The good news is that there are some steps you can take to cut down on your dog’s grooming anxiety in Henderson, NV. Here are a few tips:
- Make sure the dog is okay with being handled: One of the most common causes of grooming anxiety is a fear or discomfort associated with being handled in particularly sensitive areas, including the ears, muzzle, paws, tail and rear. You can train your dog to stay relaxed with different kinds of touching, even in those sensitive spots, which will make them more likely to stay relaxed when at the groomer. One strategy is to pair a word with a soft, gentle touch at that area, such as “ears,” then give the dog a treat while or immediately after petting that area. This will help the dog build positive associations with being handled in those areas.
- Make the trip a special occasion: You can build up other positive associations with the trip to the groomer. You can perform some treat training in the lobby or the parking lot, or take the dog for a walk in the area. Pair some sort of activity your dog likes with the trip. Make sure to bring along plenty of treats so that every time the dog complies with the instructions the groomer provides or allows the groomer to handle them, you can properly reward the pet for its obedience.

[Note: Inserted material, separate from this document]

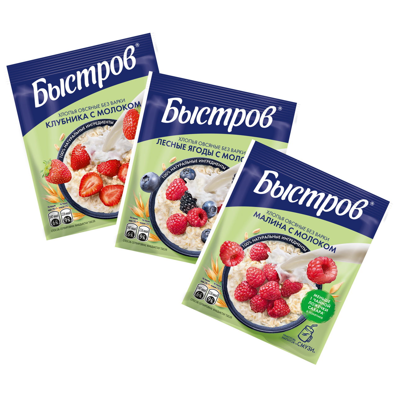 Быстров®. Ассорти. Каша овсяная, не требующая варки: с клубникой и молоком; с малиной и молоком; с лесными ягодами и молоком. 240г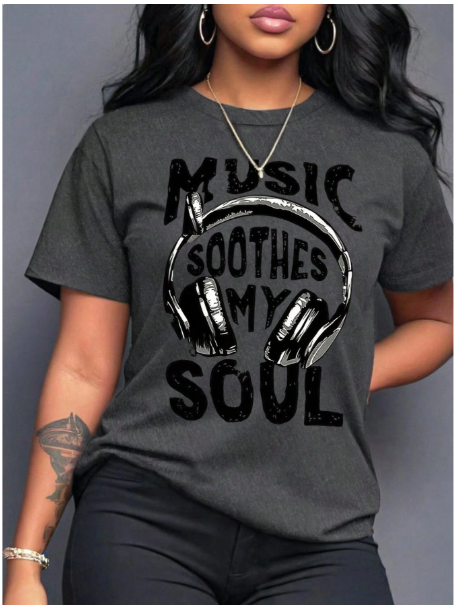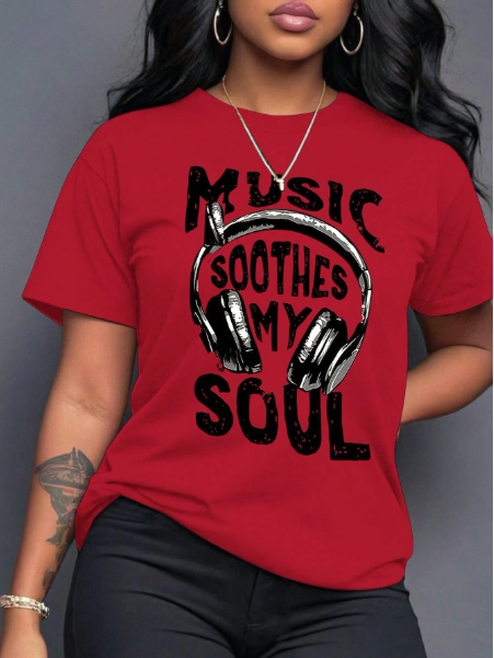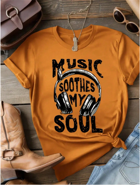 Product Note: Stay inspired this season with the Summer Music Soothes My Soul slogan T-shirt. Designed with a classic round neck and short sleeves, this soft and breathable tee keeps you comfortable all day. The uplifting graphic adds a fun, expressive touch, making it perfect for music lovers and casual summer outfits. Pair with jeans, shorts, or skirts for effortless style.

- Adjust the experience as needed: You might need to get creative with how you tailor the grooming experience for your pet. If, for example, you know your dog gets frightened by being lifted on to the grooming table, you might consider using a ramp to allow the dog to get up there on its own. If the dog gets frightened by running water being sprinkled over its head, you might instead use damp cloths or special facial wipes. You might try playing with the temperature of the water, or using anti-slip mats so the dog doesn’t skid around on a slippery surface. Pay attention to the dog’s behavior, and if you can tell certain aspects of grooming make it uncomfortable, find ways to adjust.
There will be some people who might suggest using a muzzle, but this is a strategy that should only be implemented if your dog has already been trained with muzzling. Otherwise, the dog is likely to become even more anxious when visiting the groomer.